When I mention "falling in love" with dogs, I am referring to a special, new quality of attachment and relationship that shifts one's attitudes and behaviors from what they were previously. Some people refer to their special dog as a "soul mate," others describe how the dog connected with them--or they connected with the dog--in a qualitatively different way than they had done previously. For some people, this phenomenon starts when they are children; for many, it comes later. For some like Paul, it can be a life-altering experience that brings them from a harsh world to a kinder, gentler place. For others, the change is subtler but significant in some way. In all cases, that single special dog opens our hearts and minds to unique ways of being with other dogs, and sometimes, other animals and people.

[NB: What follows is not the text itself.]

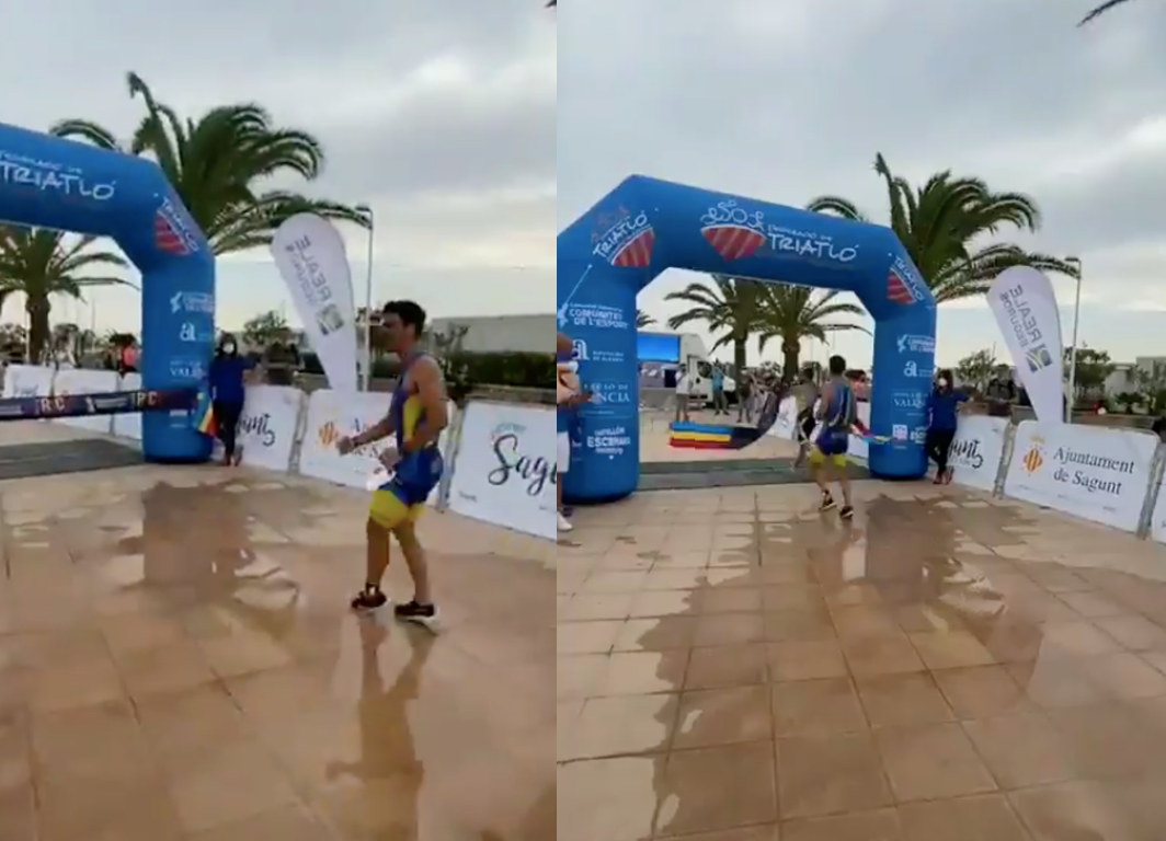 In the clip at the Sagunto triathlon in eastern Spain on Sunday, Mateo Bustos can be seen fist-pumping as it looked like he was going to win.

There seems to be little written about this phenomenon, although most "dog people" know exactly what I mean when I mention this. Just as with human love, the process of "falling in love" with that one special dog raises many questions. Why did that particular dog connect with us differently than the others who went before? Why did it happen at this particular point in our lives? Was it something about the dog, something about ourselves, or some of both? Why THIS dog? Why NOW?
Help with a Brief Survey
It seems that these are questions worthy of some study, so I'd like to invite you to participate in a short survey to see what answers that might provide. The survey is open-ended and is included below. To keep answers confidential, I ask that you send your responses directly to my email address: Risevanfleet@aol.com. At no time will I reveal your identity, and when I report the results in a later issue, I will be reporting information about trends and responses from the group, not any identifying individual information. If I wish to use any of your individual responses that might reveal your identity, I will contact you directly to ask your permission to do so. You can always say "no" to that request if you so choose. Your identity will be known only to me and will never be shared or used for any other purpose than this survey.
In order to have time to review responses and compile them for a future article, I ask that you respond to this survey within two weeks of reading this. You do not need to write the question; simply put the number and your short response into an email to me.
Instructions: Please answer the five questions below with just one or two paragraphs each. Please send answers to me directly at Risevanfleet@aol.com.
A. Please provide your name, email address, full phone number, and state or country where you live (this information will remain confidential and will be used only if I have questions about your responses).
B. Please describe your special "fall in love" dog. Include what your relationship was like.
C. How long ago did you fall in love with this dog? How old were you?
D. Why do you think you had such a special relationship with this dog?
E. In what ways has the relationship with this special dog changed your life?
Thank you for participating in this study! Results will be included in a later issue of the APDT Chronicle of the Dog.